Frage: Was ist mit Verboten?
Antwort: Durch Verbote bei Verbrenner-Neuzulassungen werden zwar irgendwann keine neuen Diesel oder Benziner mehr neu auf die Straße kommen, aber der Fahrzeugbestand bleibt ein Problem: Werden Benzin und Diesel nicht durch höhere CO2-Preise deutlich teurer, werden die alten Wagen auch erstmal lange weitergefahren - die Emissionen sinken also nicht. Weniger CO2 im Verkehrsbereich kommen nur durch eine Verteuerung des Sprits zustande, das zeigen Studien.

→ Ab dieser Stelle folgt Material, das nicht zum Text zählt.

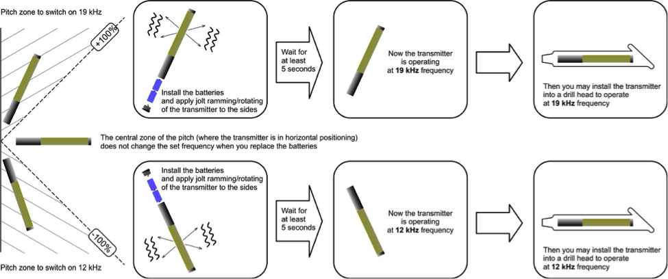 Na przykład, aby wybrać częstotliwość 19kHz (art. 1-4), należy włożyć baterie od dołu, gdy głowica nadajnika jest skierowana w górę. Po 3-4 sekundach widać wzrost poziomu sygnału na wyświetlaczu lokalizacji, po czym można przeprowadzić wszystkie procedury instalacji nadajnika wraz z głowicą wiercącą oraz kalibrację systemu.

Dieses Lehrgeld werden auch die USA bezahlen müssen, um bis Mitte des Jahrhunderts Treibhausgas-Neutralität zu erreichen.
Frage: Wie sollte ein US-Präsident das politisch überstehen?
Antwort: Vor anderthalb Jahren hätte auch niemand damit gerechnet, dass Joe Biden mit dem Inflation Reduction Act IRA ein gigantisches Programm für die Transformation in eine grüne Wirtschaft auflegen wird! Das ist ein politisches Meisterwerk, mit dem sich der Präsident ein wichtiges Kapitel in der Geschichte der Vereinigten Staaten sichern wird. Donald Trump zum Trotz sind die USA klimapolitisch nicht nur zurück auf dem Spielfeld der Klimapolitik, sondern bei der Förderung grüner Technologien sogar an der Spitze.
Frage: Vor anderthalb Jahren haben Sie uns gesagt, die Erde steuere nicht auf 1,5 Grad Erwärmung zu, sondern auf 4 Grad. Gilt das noch?
Antwort: Wie gesagt: Die Welt ist noch nicht auf Kurs zur Klimaneutralität, doch bei allen beschriebenen Risiken hat sich doch auch einiges getan. Die EU hat mit dem Green Deal das ehrgeizigste klimapolitische Programm der Welt beschlossen, das im globalen Maßstab seinesgleichen sucht. Joe Biden hat den IRA durchgesetzt und einen weltweiten Wettlauf um grüne Technologien gestartet. Beides ist bemerkenswert und wertvoll im Kampf gegen die Erderwärmung. Und es gibt weitere positive Entwicklungen. Es werden immer mehr geplante Kohlekraftwerke aus der Pipeline genommen. China erwägt, Investitionen in Kohlekraftwerke außerhalb des Landes zu stoppen. Indien denkt über den Kohleausstieg nach und beschäftigt sich mit Plänen für einen nationalen Emissionshandel…
Frage: Dann sind trotz allem die 1,5 Grad noch zu schaffen?
Antwort: Es ist einiges in Bewegung geraten. Und deshalb bin ich heute etwas zuversichtlicher als vor anderthalb Jahren, auch wenn wir weiterhin einen sehr langen Weg vor uns haben.